START Supplied information
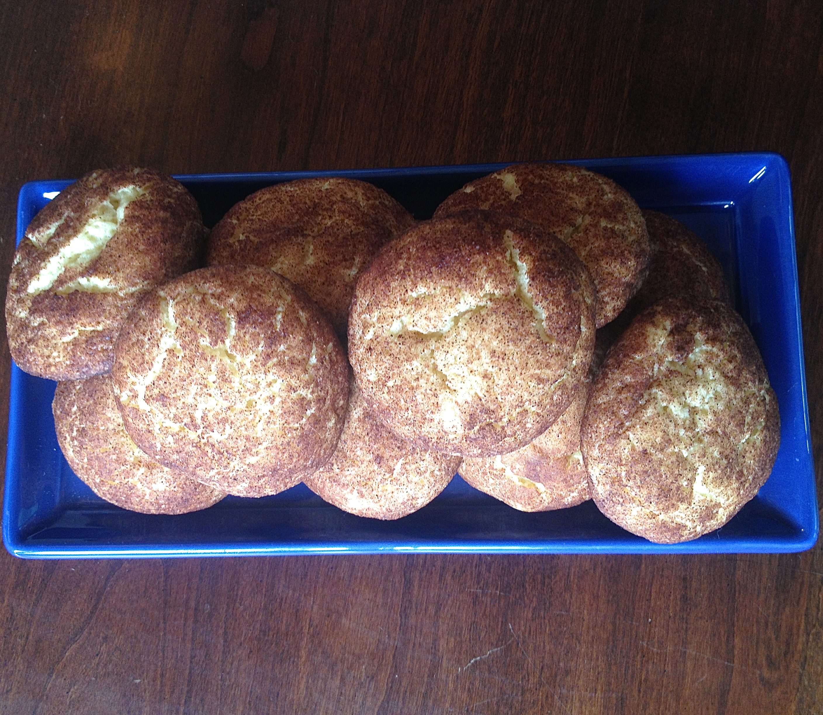 They come out very fluffy looking and only sink down a wee bit. A little bit of cracking through the cinnamon sugar coating. Don’t they look like snickerdoodle cookies should? And they sure taste like it too.
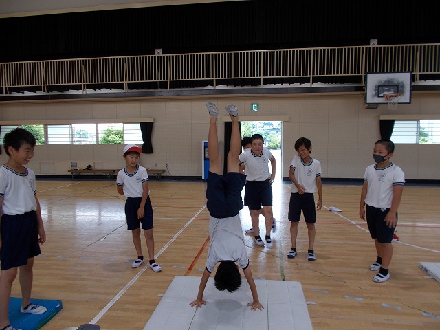 4年生は甘南備園の出前授業を受けました。5年生は倒立前転と倒立後転に挑戦しています。
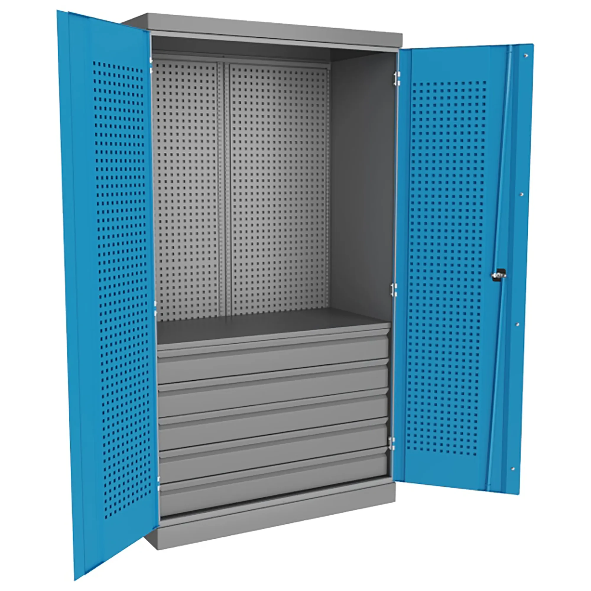 - Надежная защита инструментального парка — цельнометаллический корпус с запирающимися на общий замок дверями обеспечивает защиту содержимого от хищений и несанкционированного доступа. Закрытая конструкция также предохраняет инструмент от производственных загрязнений: пыли, стружки, масел и влаги, что особенно важно для сохранения точности измерительного оборудования.
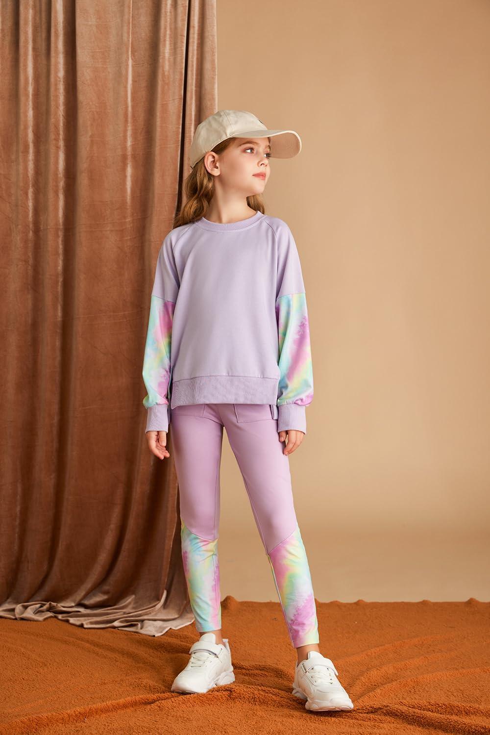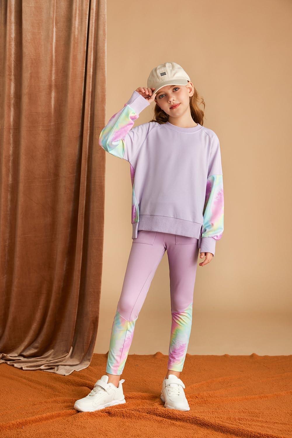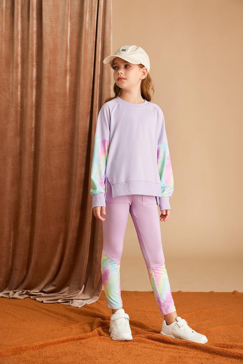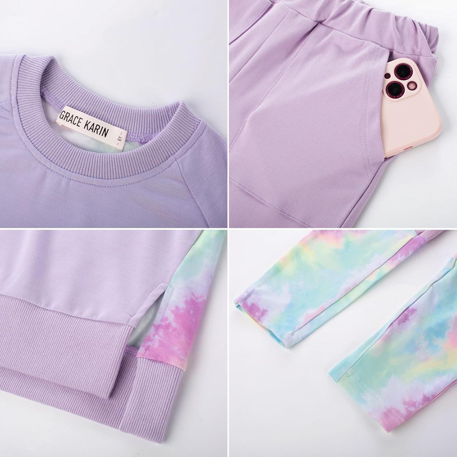 GRACE KARIN Girls Clothes Sweatshirt for Teen Girls Fashion Outfits Sweapants Leggings Tracksuit Clothing Set Size 5-14(Purple)
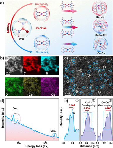 图1. 双原子催化剂的合成与原子尺度表征。(a) CoCu–CN、Co–CN和Cu–CN的合成路线示意图。(b) CoCu–CN的EDS映射图,显示C、N、O、Co和Cu的均匀分布。(c) CoCu–CN的AC-HAADF-STEM图像(双原子和单原子分别用蓝色和浅黄色标记)。(d) 从(c)中双原子位点获取的EELS谱。(e) 对应于(c)中标记位点1–3的强度分布曲线。
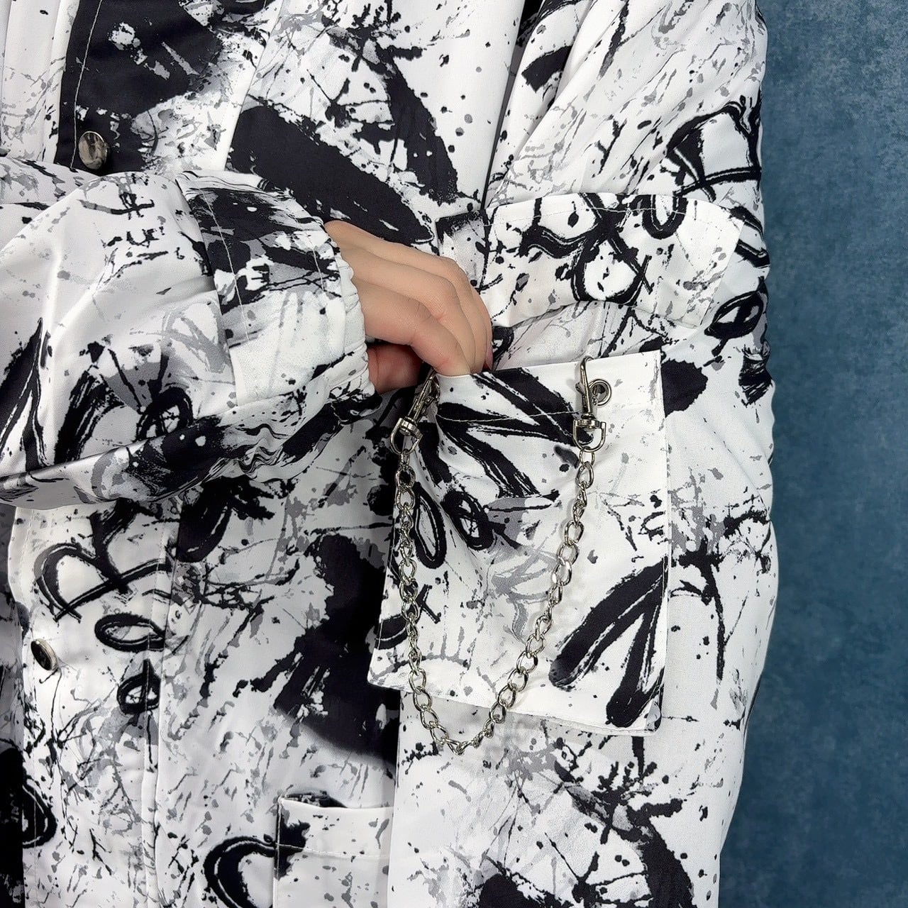 左袖にあるポケットには取り外し可能なチェーン付き✨
END Supplied information
_Problem_. Write out nothing but the lines from the one with "图1. 双原子催化剂的合成与原子尺度表征。(a) CoCu–CN、Co–CN和Cu–CN的合成路线示意图。(b)" through the last line of the entries, exactly as they stand; pictures are not part of the copy.

_Written solution_.
 图1. 双原子催化剂的合成与原子尺度表征。(a) CoCu–CN、Co–CN和Cu–CN的合成路线示意图。(b) CoCu–CN的EDS映射图,显示C、N、O、Co和Cu的均匀分布。(c) CoCu–CN的AC-HAADF-STEM图像(双原子和单原子分别用蓝色和浅黄色标记)。(d) 从(c)中双原子位点获取的EELS谱。(e) 对应于(c)中标记位点1–3的强度分布曲线。
 左袖にあるポケットには取り外し可能なチェーン付き✨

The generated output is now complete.